(EXERCISE DETAILS):
All that is wanted is the exact text of the lines below from the one with "A charming mixed" through the one with "商品マニュアルにて、各パラメ", inclusive, minus any pictures.

(EXTRACTED INFORMATION):
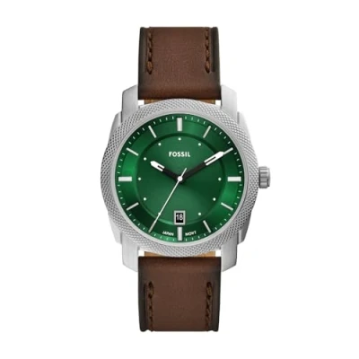 42mm case, 22mm band width, mineral crystal, Quartz movement with 3-hand date analog display, imported Round stainless steel case, with a green dial Brown, leather band Water resistant up to 50m: Wearable while swimming in shallow water Warranty type:Manufacturer; 2 Years Warranty
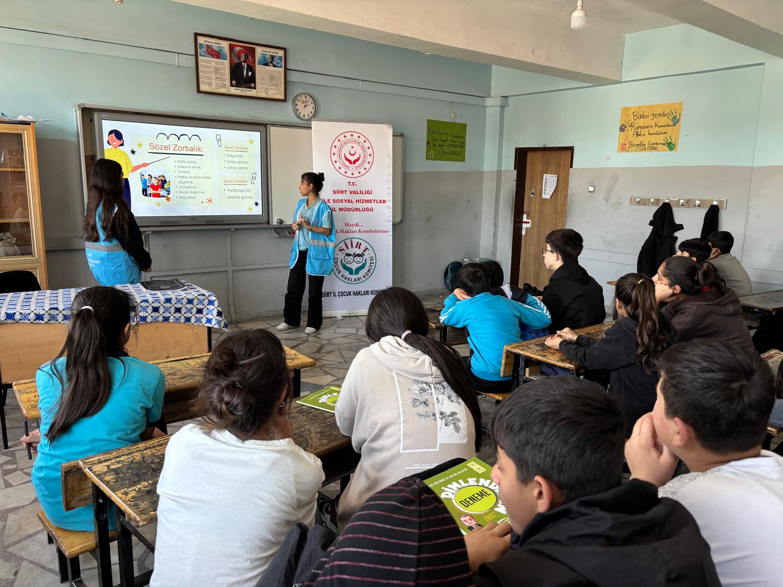 Siirt Çocuk Hakları Komitemiz tarafından, çocuk haklarının tanıtımı ve akran zorbalığına yönelik farkındalık oluşturulması amacıyla, Siirt 75. Yıl Ortaokulu öğrencilerine “akrandan akrana eğitim” gerçekleştirilmiştir.
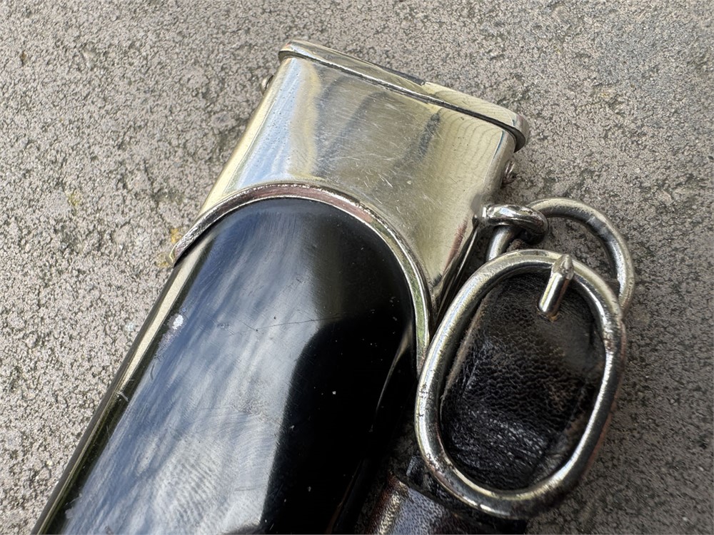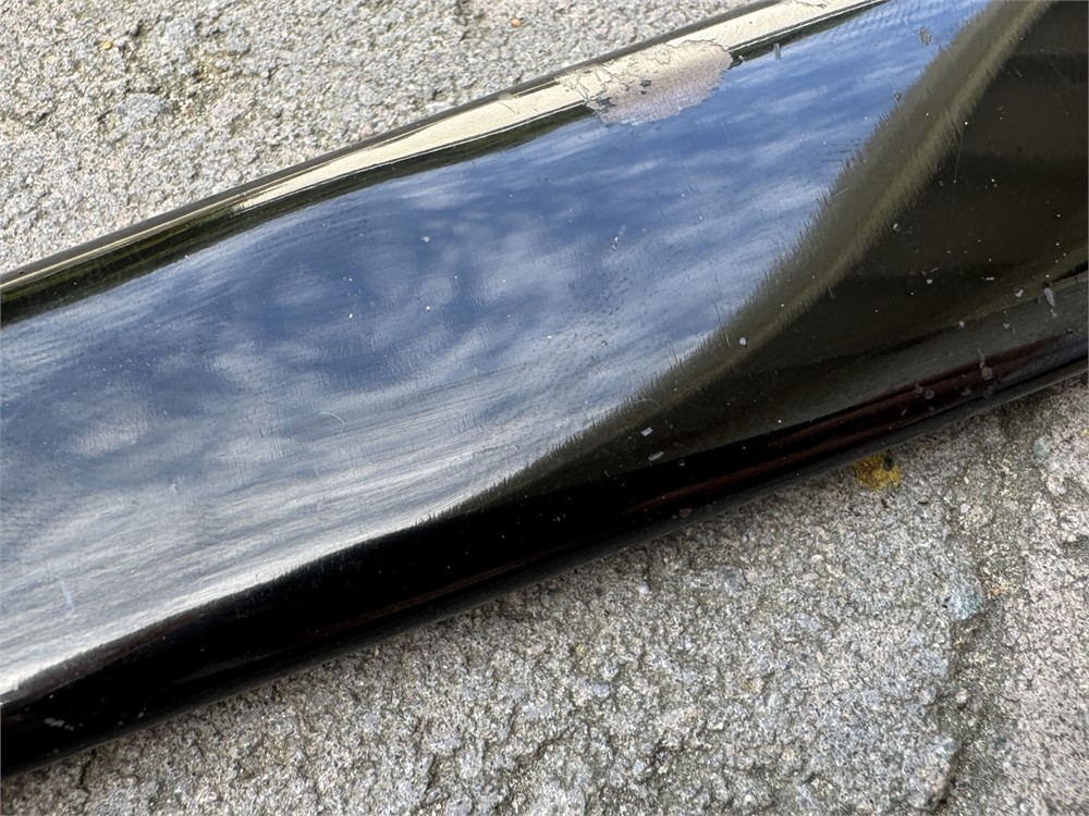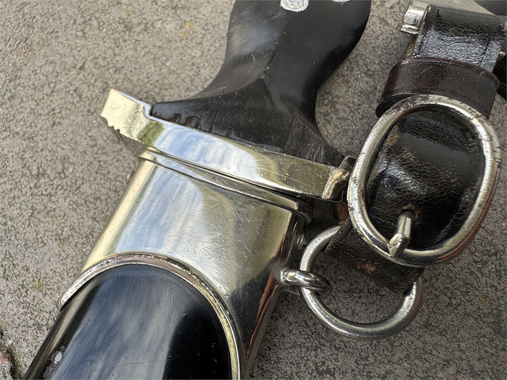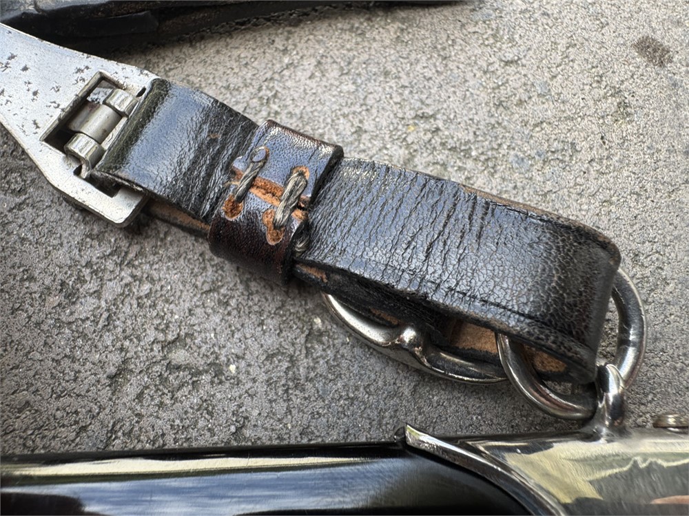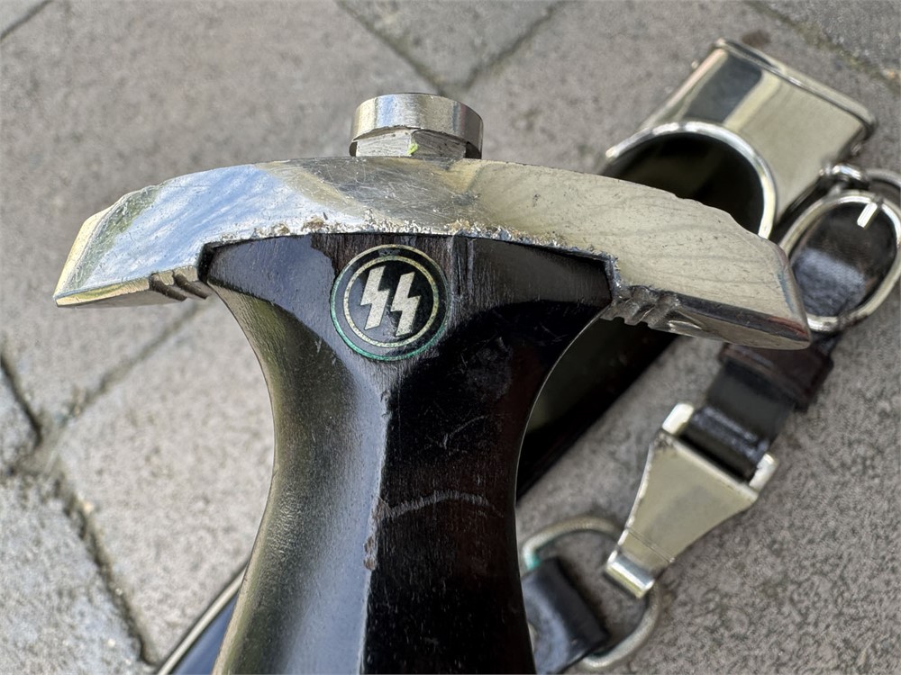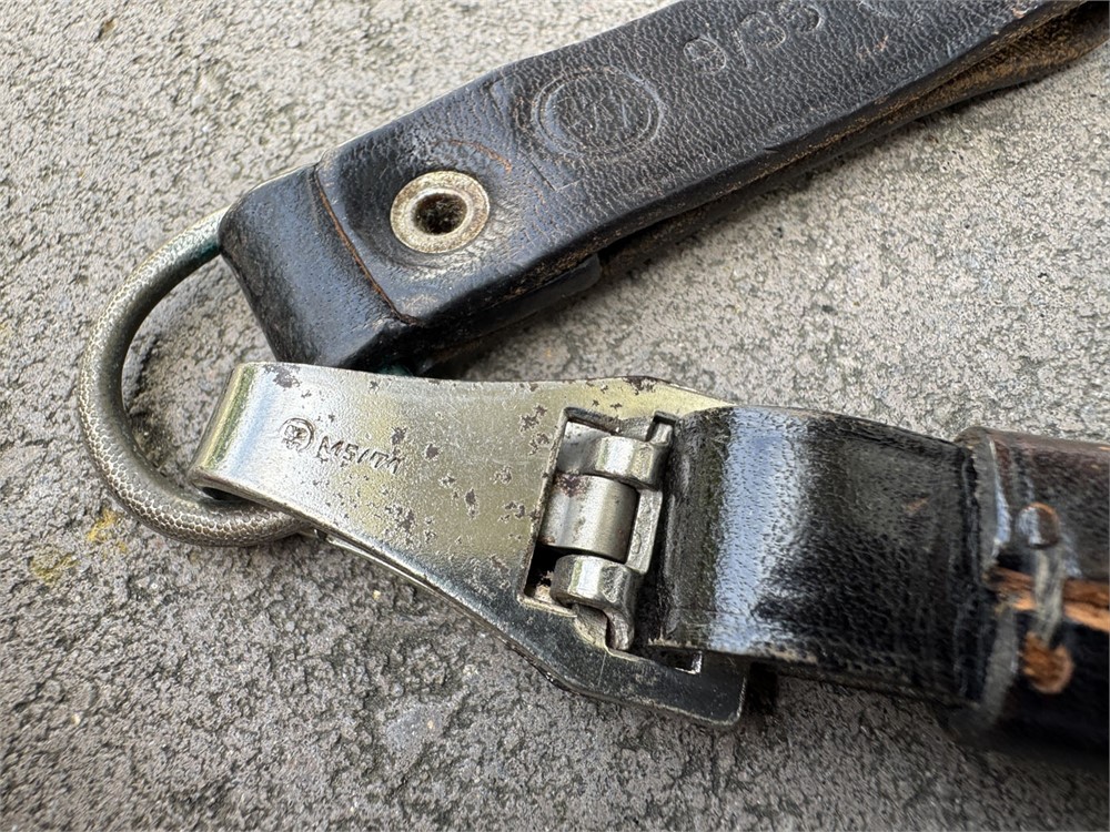 SS Dagger from the RZM production period. Exterior fittings are plated, and show minor age per the photos. Paint on scabbard is original and rates at 98%. ONE small half-dime sized abrasion on the front near the edge, and a very small (hard to see) dent on the front. Leather hanger and belt loop are in outstanding condition. Grip shows cracks and chips per the photos. Blade is near flawless - motto and RZM codes are deeply and beautifully etched. Factory cross-grain finish remains to the unpolished blade. MINOR corrosion near the tip (see the photos - very hard to photograph).
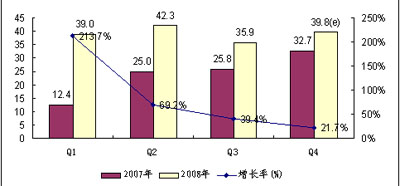 - 2008年仍保持了平穩快速增長,前三季度市場銷售量達到117.2萬臺,同比增長率為85.5%
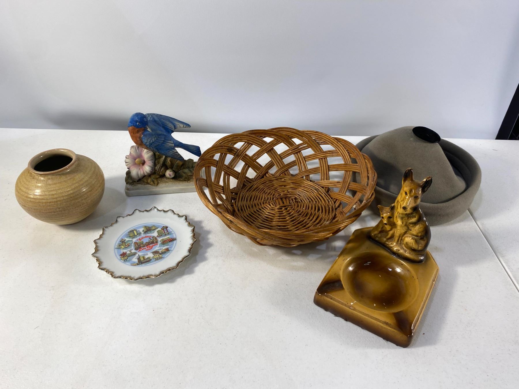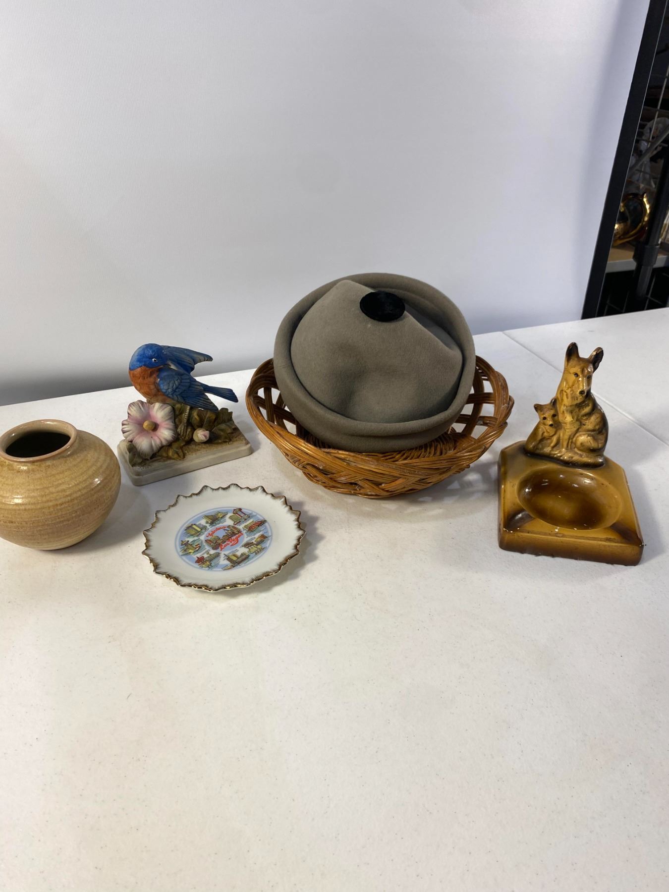 A charming mixed lot of vintage home decor including a ceramic vase, bird figurine, souvenir dish, wicker basket with fabric cover, and a small dog-themed ashtray. These mid- to late-20th-century pieces offer a warm, nostalgic feel and are ideal for decor enthusiasts or resellers looking for easy-to-style decorative accents with gentle age wear.
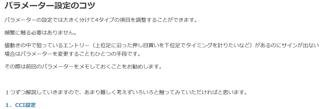 商品マニュアルにて、各パラメーターの説明とパラメーター変更をしたい場合のコツを記載させていただいております(下図は一部です)。
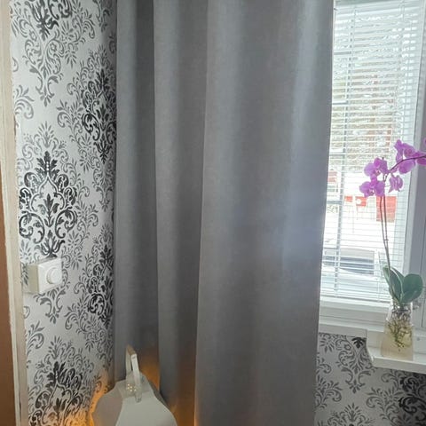 Ihanan hempeät rengasverhot. Leveys 145 cm x pituus 214 cm.
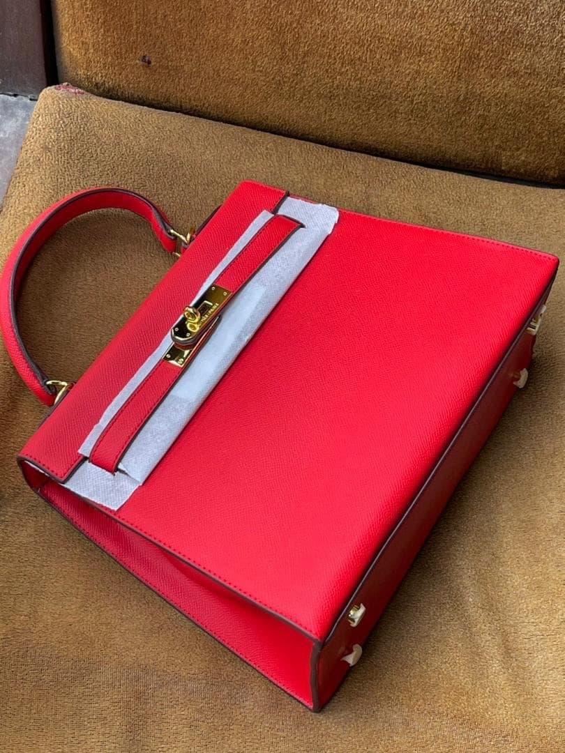 Achieve the pinnacle of refined elegance with our Heritage Kelly-style Top-Handle Bag. This piece is a masterclass in architectural design, tailored for those who appreciate sharp lines and a structured, formal silhouette. Crafted from premium Epsom-style grained leather, this bag is celebrated for its incredible rigidity, scratch resistance, and lightweight feel. The unique pressed grain gives the leather a subtle sheen and ensures that the bag maintains its crisp shape over time.

(TASK RESPONSE):
 A charming mixed lot of vintage home decor including a ceramic vase, bird figurine, souvenir dish, wicker basket with fabric cover, and a small dog-themed ashtray. These mid- to late-20th-century pieces offer a warm, nostalgic feel and are ideal for decor enthusiasts or resellers looking for easy-to-style decorative accents with gentle age wear.
 商品マニュアルにて、各パラメーターの説明とパラメーター変更をしたい場合のコツを記載させていただいております(下図は一部です)。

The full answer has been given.